Niger: [The daughters of Niger] were the first form'd dames of earth,
And in whose sparkling and refulgent eyes,
The glorious sun did still delight to rise ;
Though he, the best judge, and most formal cause
Of all dames beauties, in their firm hues, draws
Signs of his fervent'st love ; and thereby shows
That in their black, the perfect'st beauty grows ;
Since the fixt color of their curled hair,
Which is the highest grace of dames most fair,
No cares, no age can change ; or there display
The fearful tincture of abhorred gray...
So wrote Ben Jonson in The Masque of Blackness (1605). That last line has always bugged me, though. Did Jonson really believe that black women never went grey? If so, where did he get that idea? If not, why did he have Niger say it?
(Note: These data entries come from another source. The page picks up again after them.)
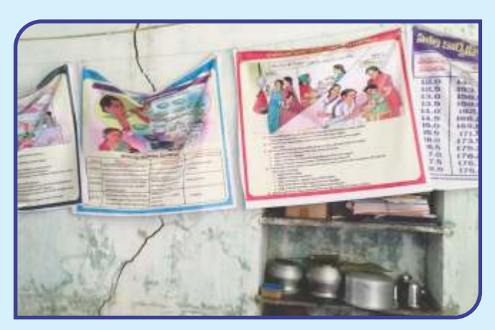
Education materials in Government Primary education centre
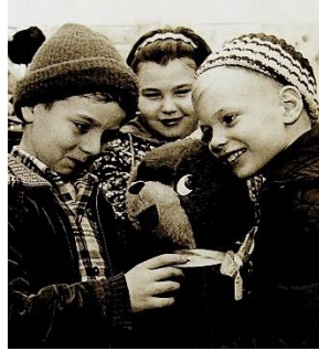
Stuffed Bear Holiday Gift

The Development Department is asking that any donations be received by December 16 th and should be mailed to: 1863 Bethany Road, Womelsdorf, Pa. 19567
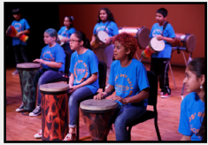
CASE for Kids Hosts Student Performances at Hobby Center pg. 2

Pliny the Elder would normally be suspect number one for the first question, but it's hard to believe that Pliny, living in such a multi-ethnic society as first-century Rome, would be unaware that African women do indeed turn grey. The same would surely be true for most ancient writers of the kind that a Renaissance autodidact might believe in preference to his own eyes.
What had those eyes actually seen? Jacobean London wasn't exactly devoid of black people - though I wonder whether many of them were women of middle-age and older. The fashion for black pages would tend to skew the population towards youth; while foreign merchants would be overwhelmingly male. Maybe Jonson had never seen a black woman over thirty-five? Or maybe hair-dye or head coverings were in common use, which would have hidden the evidence? Either way, I've never come across anyone else stating the same belief, either before or since.